The Court has given lawmakers a year to write new legislation, either Federal or Provincial lawmakers can pass legislation, both can, and neither has to do so, though it is unknown which level(s) of government decide to act. The provision of healthcare is a responsibility that is shared by both federal and provincial governments. Naturally, if the federal government passes legislation on assisted dying that are within its legal jurisdiction, those laws would apply across the country. However, each province has the power to craft its own framework for assisted dying.

Opponents of the Supreme Court ruling immediately asked for the Federal Governemnt to overturn the Supreme Court’s decision by using the notwithstanding clause in the Canadian Charter of Rights and Freedoms, essentially an override rule, to be applied in order to overturn the decision of the court, butT that drastic course of action option does not seem likely. Should neither the federal nor provincial governments pass laws applying the Court’s ruling, physician-assisted death would then be regulated by existing healthcare legislation and professional standards surrounding the practice of medicine, the same way that other end-of-life treatments are regulated.

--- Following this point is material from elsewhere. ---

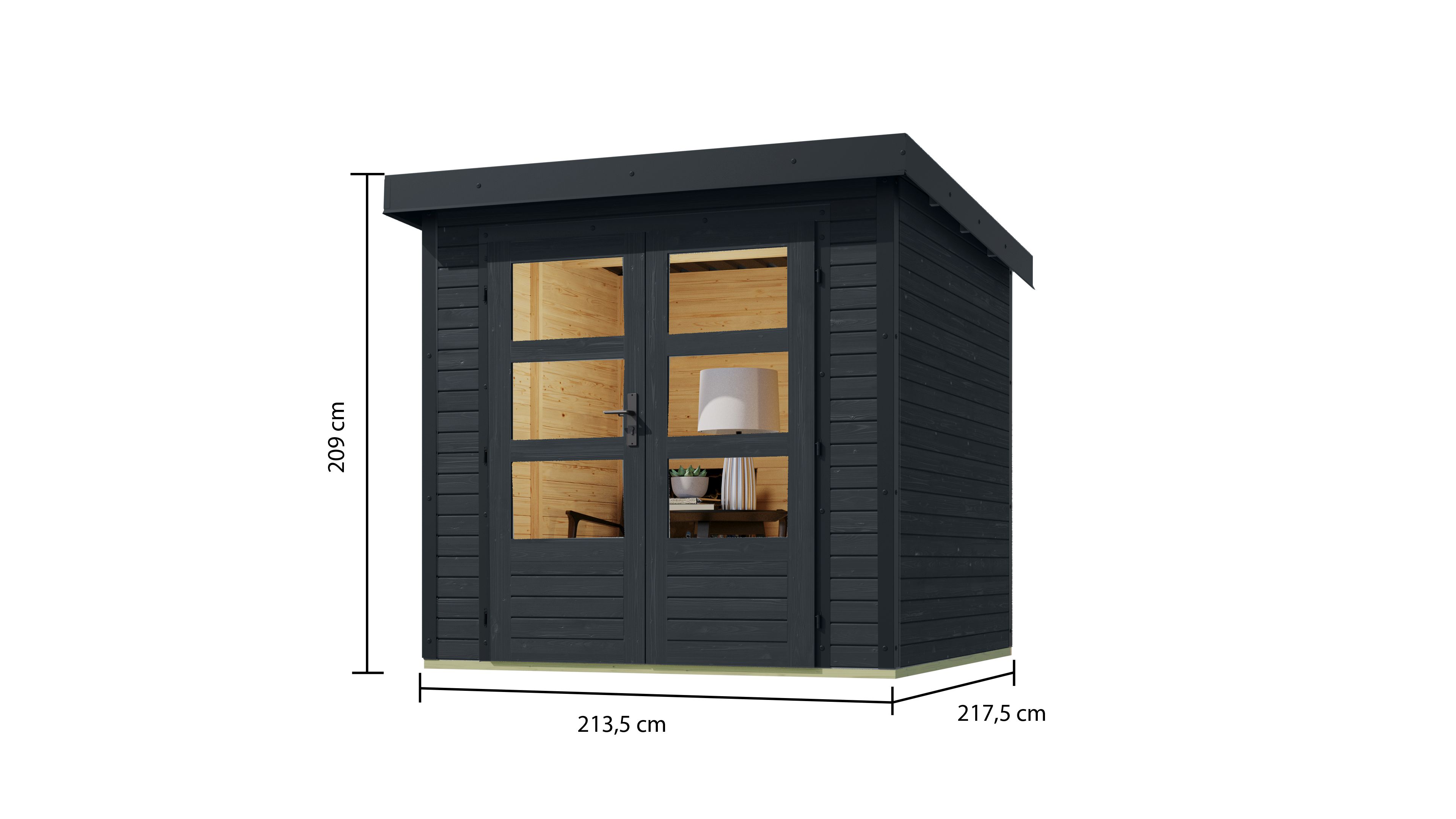 Mit dem optionalen Anbaudach erhalten Sie zusätzlichen Stauraum und erweiterte Nutzungsmöglichkeiten als Gartenlounge. Machen Sie es zu Ihrem persönlichen Rückzugsort.

In any case, in a year’s time, the current legal bans on prescribing and administering medication will be invalid in circumstances set out in the decision. Physicians will be able to assist either by providing the knowledge or the means for a person to end their own life, e.g. by prescribing life-ending medication or by administering life-ending medication. The SCC decision does not compel physicians to comply with requests for assisted dying. “Nothing in this declaration would compel physicians to provide assistance in dying,” the ruling reads. However, whether a doctor will have a duty to refer such a request to another doctor or healthcare institution if they are unwilling to provide the service will likely be addressed through legislation or regulatory standards governing the conduct of physicians. Similarly, the duty to provide physician-assisted death by hospitals, hospices, and other institutions will likely be addressed in federal or provincial legislation. If it is not addressed in legislation physician assisted death will be a right, but it might not be an accessible option for all Canadians.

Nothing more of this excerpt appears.